Omnia vincit amor

Da qualche giorno ad una certa ora della sera qualcuno comincia a suonare il pianoforte. Un nuovo inquilino? Un ritorno di fiamma? Suona bene e passa indifferentemente dalla musica classica alle canzoni, Un repertorio non banale che incontra il mio assenso saputello.

Ecco che, attraverso uno di questi collegamenti che partono senza senso ho pensato a quando da piccola mia madre decise che da brava bambina dovessi prendere lezioni di piano. E da queste mie lezioni sono arrivata a rivisitare un film tra i miei preferiti, tragico e romantico, una bellissima avvincente storia d’amore. Ebbene sì, amore.

Lezioni di piano della regista Jane Campion

Ada (una formidabile Holly Hunter) muta per sua decisione dall’età di nove anni, giunge in Nuova Zelanda, sposata per procura con Stewart, un piccolo possidente. Con lei ci sono la figlioletta Flora, i bauli, un pianoforte. Stewart fa abbandonare il pianoforte sulla spiaggia perché difficile da trasportare lungo gli impervi sentieri dell’isola.
George Baines (Harvey Keitel) un bianco inviso alla comunità perché attratto dai costumi maori, affascinato dal mistero di questa donna silenziosa e caparbia, si accorda con Stewart per comprare il piano al solo fine di proporne ad Ada la restituzione tramite … uno scambio “indecente”: un tasto per ogni cosa che lei gli lascerà fare sul suo corpo mentre suona.

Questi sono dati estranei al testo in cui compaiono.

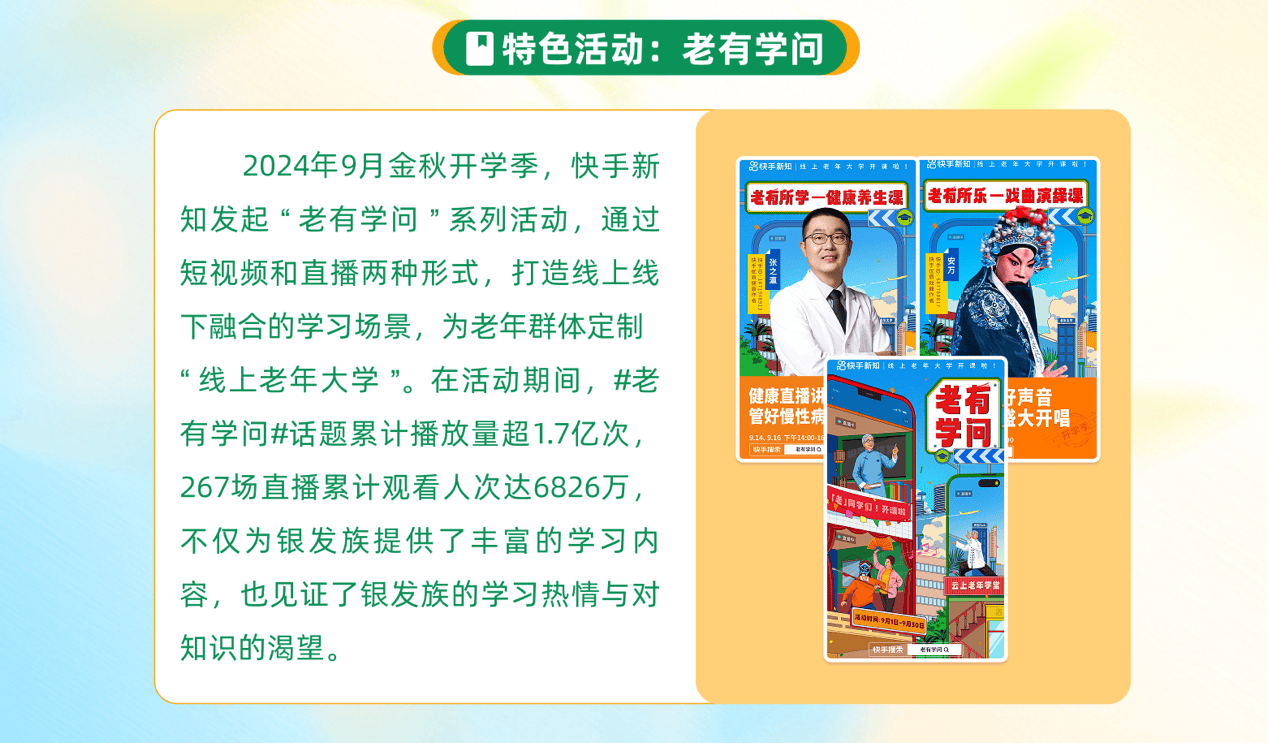 值得一提的是,?为响应银发学习热潮?,2024年金秋开学季,快手新知推出“老有学问”系列活动,打造戏曲演艺课、健康养生课、法律普法课等多样化课程的“线上老年大学”,活动累计播放量超1.7亿次, 267场直播累计观看人次达6826万。
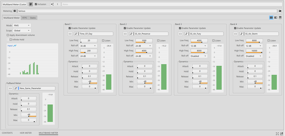 Using the existing Meter Effect to output a Game Parameter leverages dynamics to control properties throughout the audio hierarchy. The Multiband Meter is a new Effect that expands on this by metering not only the full band of an incoming audio signal, but also four separate user-configured frequency bands.
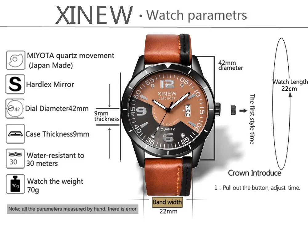 Feature: 100% New and high quality Gender :Men Fashion Lovely And High Quality Trendy Watch! Movement:Quartz Watchcase Diameter:4.8cm approx. Watchcase Thickness:0.9cm approx Band Length:25cm approx. Band Width:2.2cm approx. Band material: Leather Case material: Stainless Steel NOTE:Daily Water Resistant. You can wear it wash your hand. But not for swimming! Package...
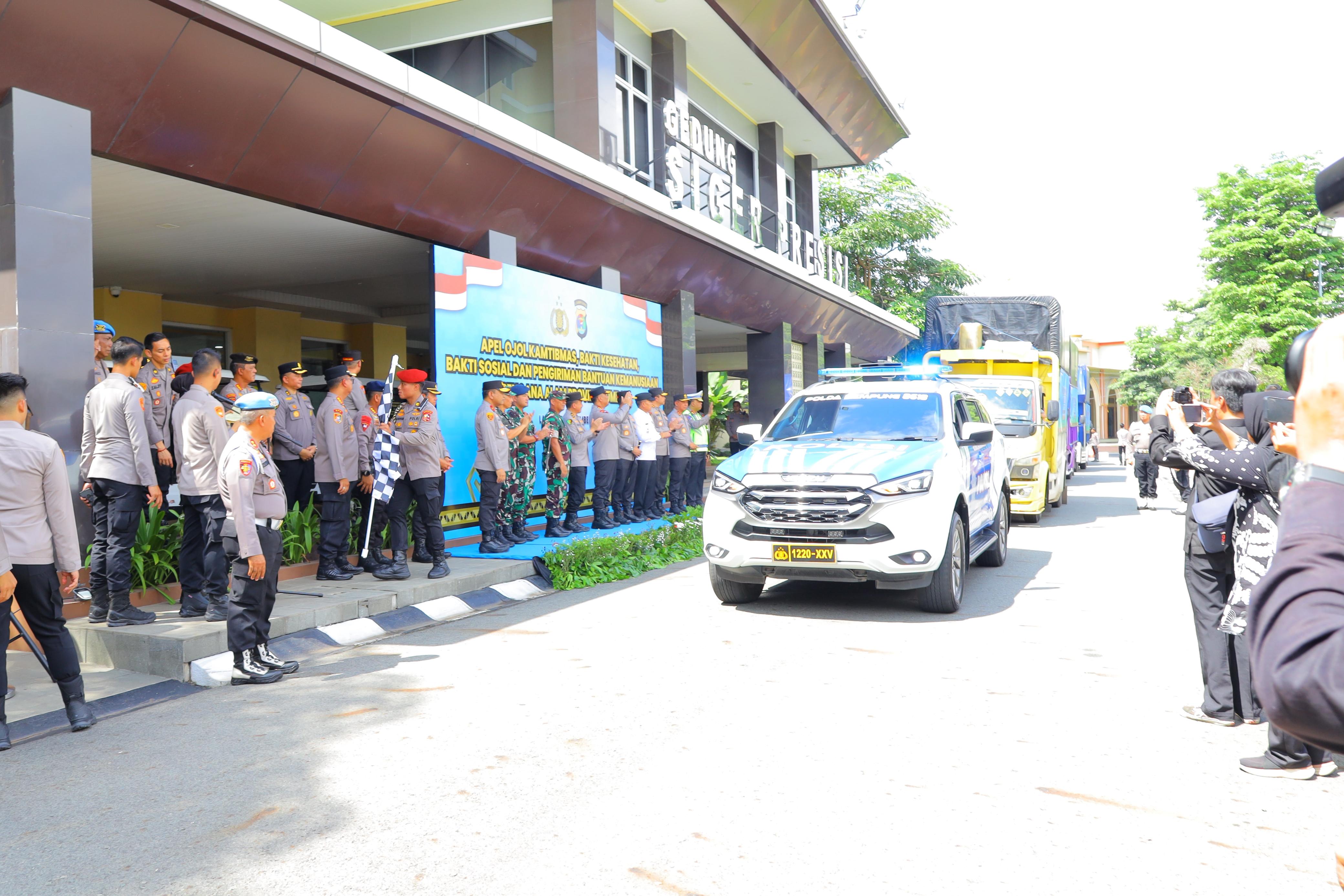 Polda Lampung berangkatkan 14 truk dan 2 mobil patwal dengan membawa beras 12.489 kg, pakaian 2.643 pcs, makanan 1.002 kaleng, juga perlengkapan bayi, dan sembako lainnya.
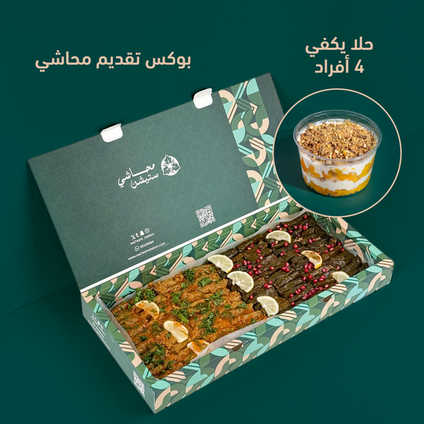 الرئيسيةبوكس تقديم + حلا من اختياركبوكس تقديم + حلا من اختياركالوصفبوكس فاخر للزوارات والمناسبات، يجمع 96 قطعة من ألذ المحاشي، مع حلا من اختياركبوكس التقديم * ورق عنبملفوف (مكس ( ورق عنب + ملفوفاختيار من الحلويات المبردة * كاسترد بسكويت الحجم العادي - يكفى 4 أفراد ترافيل الأوريو الحجم العادي - يكفى 4 أفراد ترافيل المانجو الحجم العادي - يكفى 4 أفرادسلطة فواكة الحجم العادي - يكفي 4 اشخاصحلوي إلبه التقليديةالنكهاتنكهة الليموننكهة دبس الرمان النكهة الحارة مكس الليمون مع دبس الرمانمكس اليمون مع الحارمكس دبس الرمان والفلفل الحار
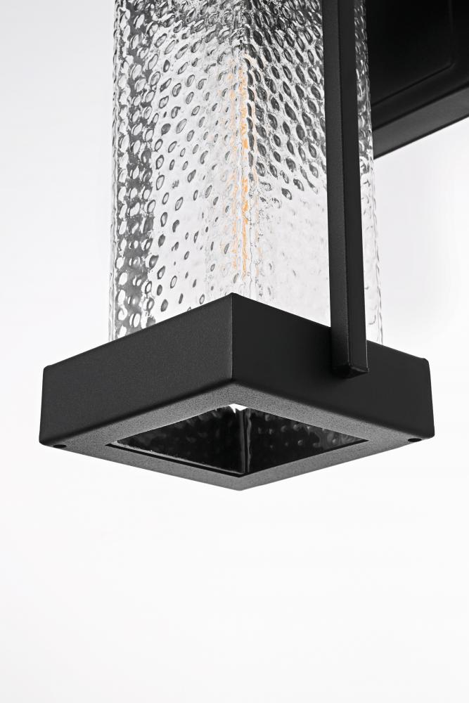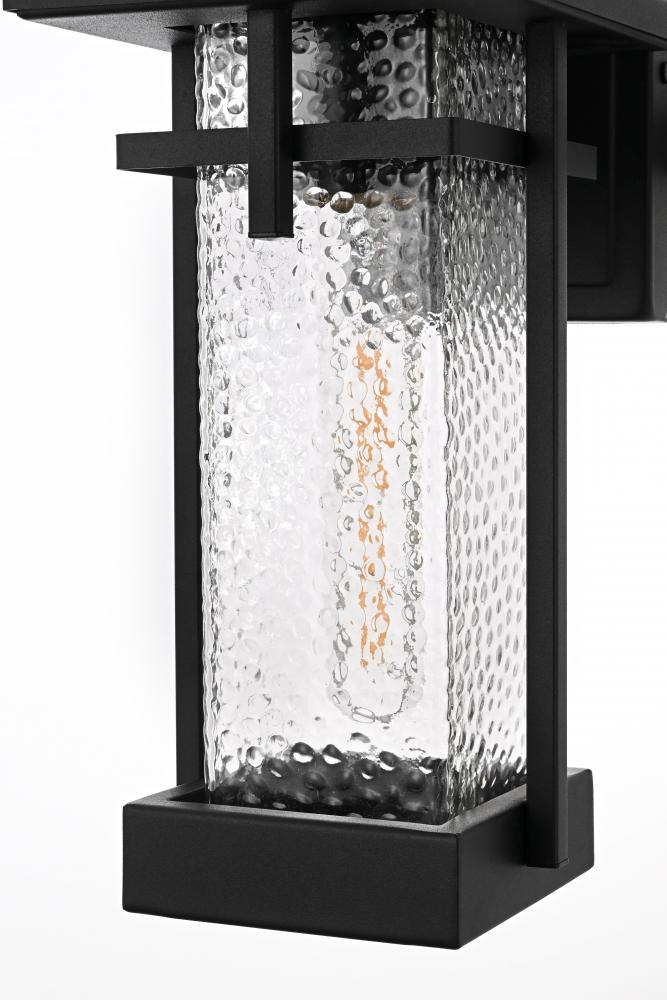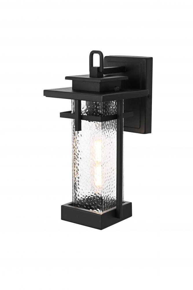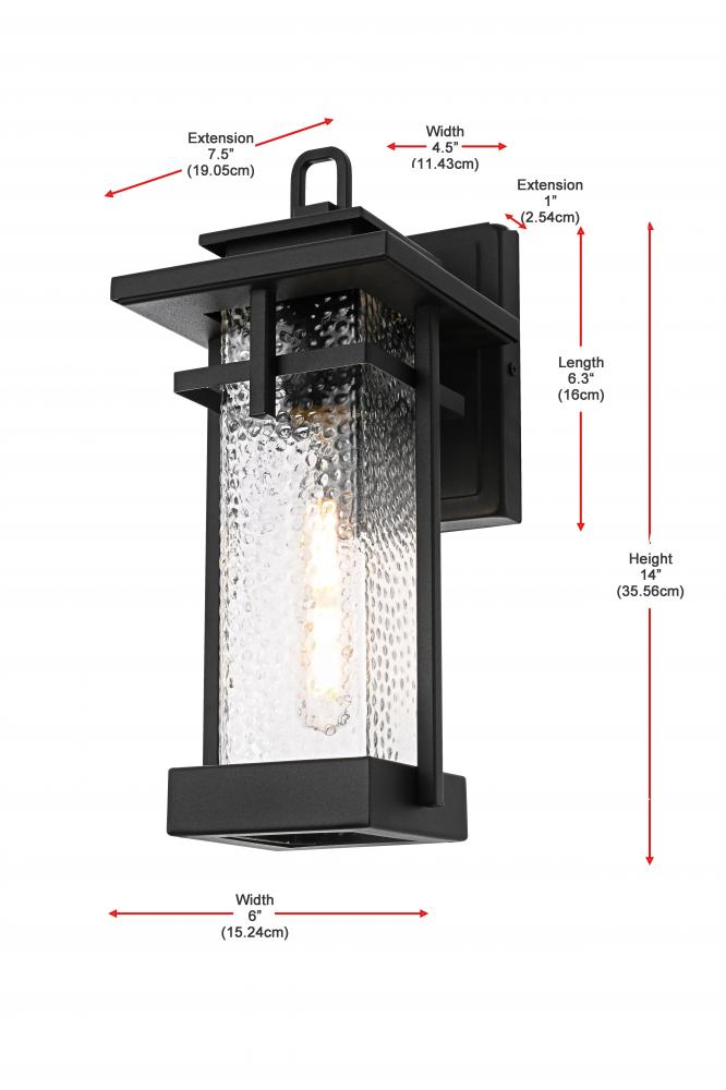 This outdoor wall sconce embodies a timeless design that adds an upscale touch to any exterior space. Crafted from durable iron and clear hammered glass, it effortlessly merges aesthetics and practicality. The hammered glass creates a warm and inviting glow, making it perfect for lighting pathways, porches, or garden areas. The E26 socket base allows for versatility in bulb selection to create the ambiance of your choice, and the sconce is designed to withstand weather exposure, ensuring long-lasting performance. The top roof cap design adds a classic accent while enhancing light direction, making it both stylish and functional for any home exterior.
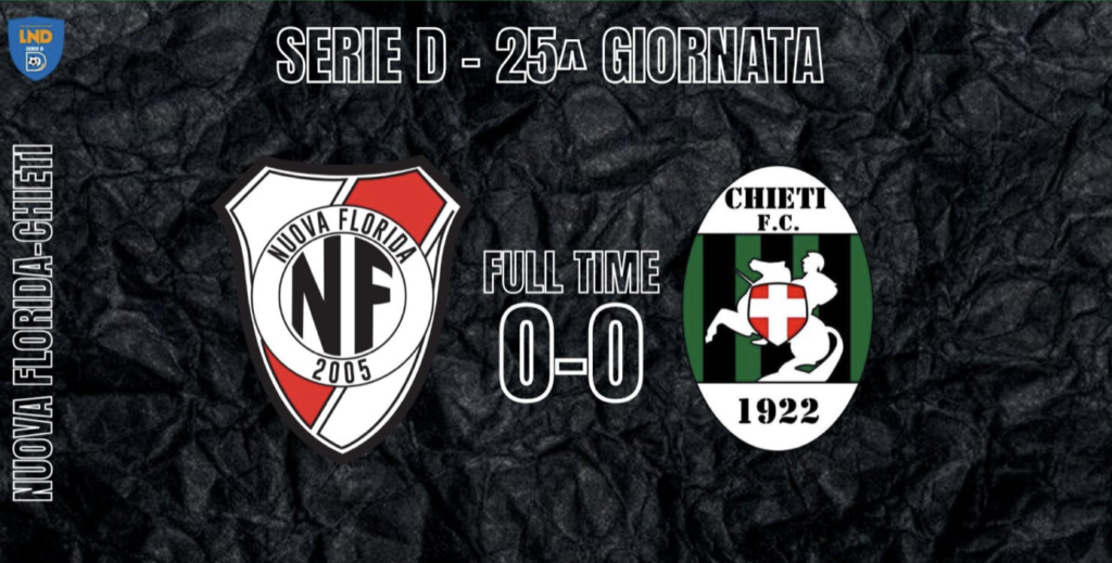Al “Marco Mazzucchi” di Ardea il Chieti pareggia 0 a 0 contro il Team Nuova Florida nella gara valevole per la 25′ giornata di campionato di serie D. Un punto prezioso perché

“Sono infelice perché ti voglio, perché la mia mente pensa solo te e non sa pensare ad altro… sono malato di desiderio”.Questo è George Baines, al cui patto Ada decide di sottostare pur di continuare a suonare.

Baines le restituisce il pianoforte; tra i due si stabilisce, gioco forza una relazione che sfugge al loro controllo sembra che tutto rientri nell’ordine dell’ Omia vincit amor ma con un coup de theatre  tornerà a presentarsi nuovamente la  tragedia.
Nelle ultime sequenze,infatti, mentre Ada, Baines e Flora sono su una barca in partenza, Ada sente l’irresistibile bisogno di disfarsi del suo amato pianoforte, che fa gettare in mare; una corda però le si attorciglia alla caviglia (forse volontariamente?) trascinandola sott’acqua. Con sua grande sorpresa  riesce a districarsi e a risalire in superficie.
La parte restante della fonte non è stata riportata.